These are on top of colleague's commits:

U <- V <- W <- A <- B <- C

Now the colleague rebased his branch to new master, pushed to github repo which updated the PR then added a commit, pushed to github repo, then I resolved the conflicts on github and commited to the branch on github, then the colleague squashed two of the commits and added another one, and then our team lead chimed in and starts editing with github editor. So it ends up like this: [1]

X' <- A'' <- U -> C <- W -> B ---> L --> O --> O  
<--- master'      /    |                      /   <------ master
G ---------> M --/      \- abyssmal' <-- P --/

In other words, the original branches got quite irrelevant and the new state of things has very little to do with the original state. I think no git command manipulating the branches can really target this using . I only want to take the remnants of my work (in the form of few successive commits) and try to adapt it to today's codebase.

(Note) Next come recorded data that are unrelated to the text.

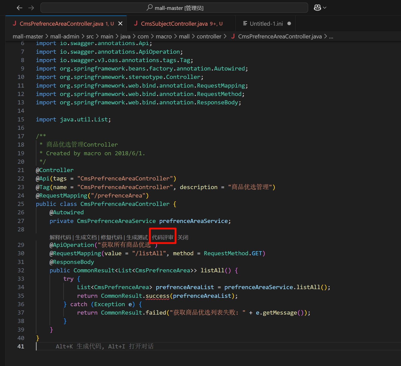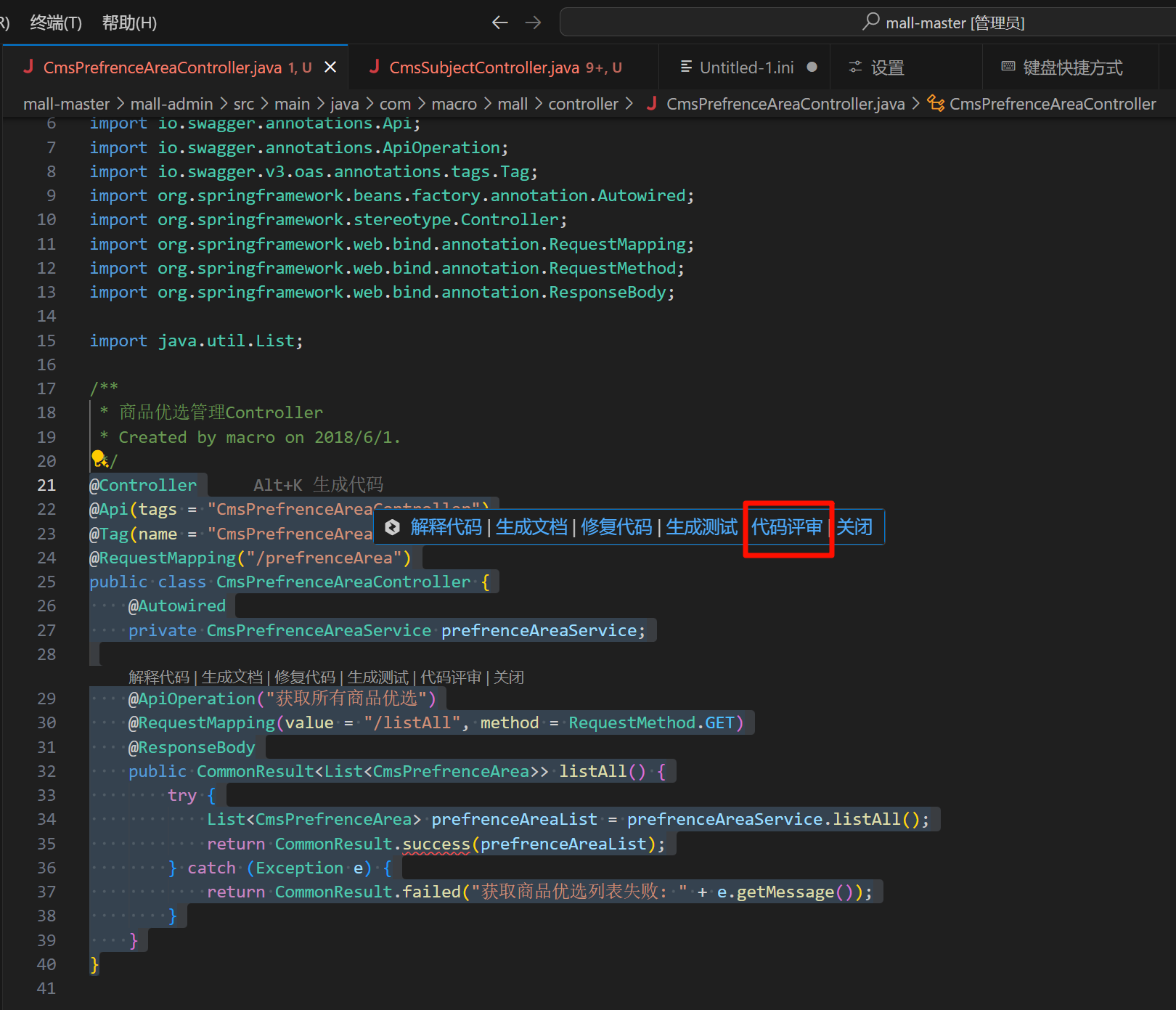 对于方法级评审,可以直接单击方法上方的代码评审来触发评审功能。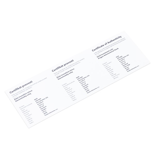 Staroměstský orloj, který každoročně obdivují miliony turistů z celého světa, patří k největším památkám staré Prahy. Hold mu proto vzdává velká zlatá mince České mincovny, jejíž hmotnost je odvozena od historických čtyřicetidukátů.
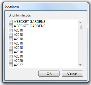 If the Select locations from option in the Itinerary dialog was selected: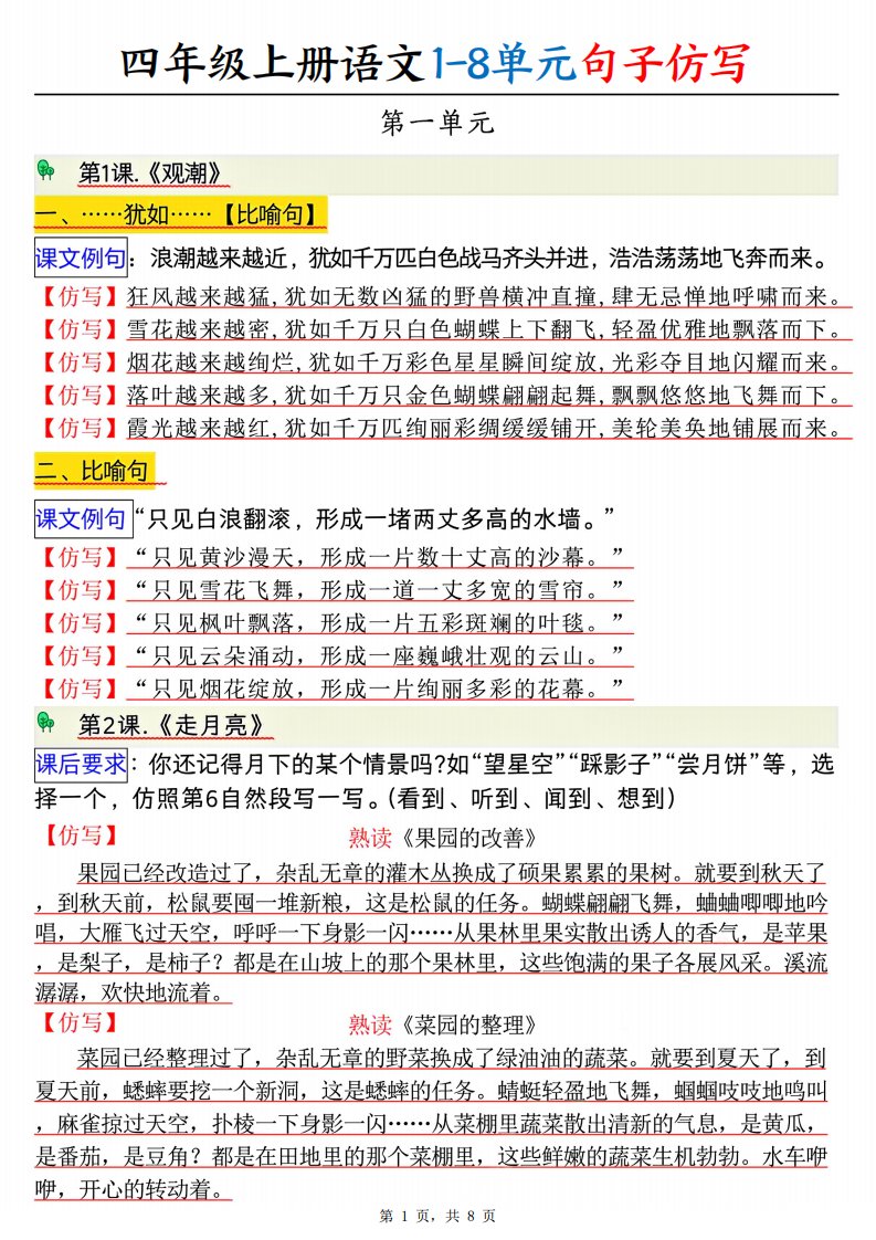 当前位置: 首页小学资源小学四年级正文 四上语文1-8单元句子仿写(8页)_共8页 小学四年级 1 周前 0 0 5 以上为部分内容预览,如需源文档请登录您的会员账号进行下载! 声明:本站所有文章,如无特殊说明或标注,均为本站原创发布。任何个人或组织,在未征得本站同意时,禁止复制、盗用、采集、发布本站内容到任何网站、书籍等各类媒体平台。如若本站内容侵犯了原著者的合法权益,可联系我们进行处理。 尚学资源永久会员 打赏 收藏 海报 链接

I am writing the story because typically people try to offer solutions to my underlying problem, which is great, but I would prefer to know this particular operation, if github has means to do it. Also, I am stating that there are no branches because whenever few people work on one branch, things get messy quickly and branches loose any sense. Lack of discipline or using Git in a wrong way. I know. Not solving that, I will be happy with the solution to this.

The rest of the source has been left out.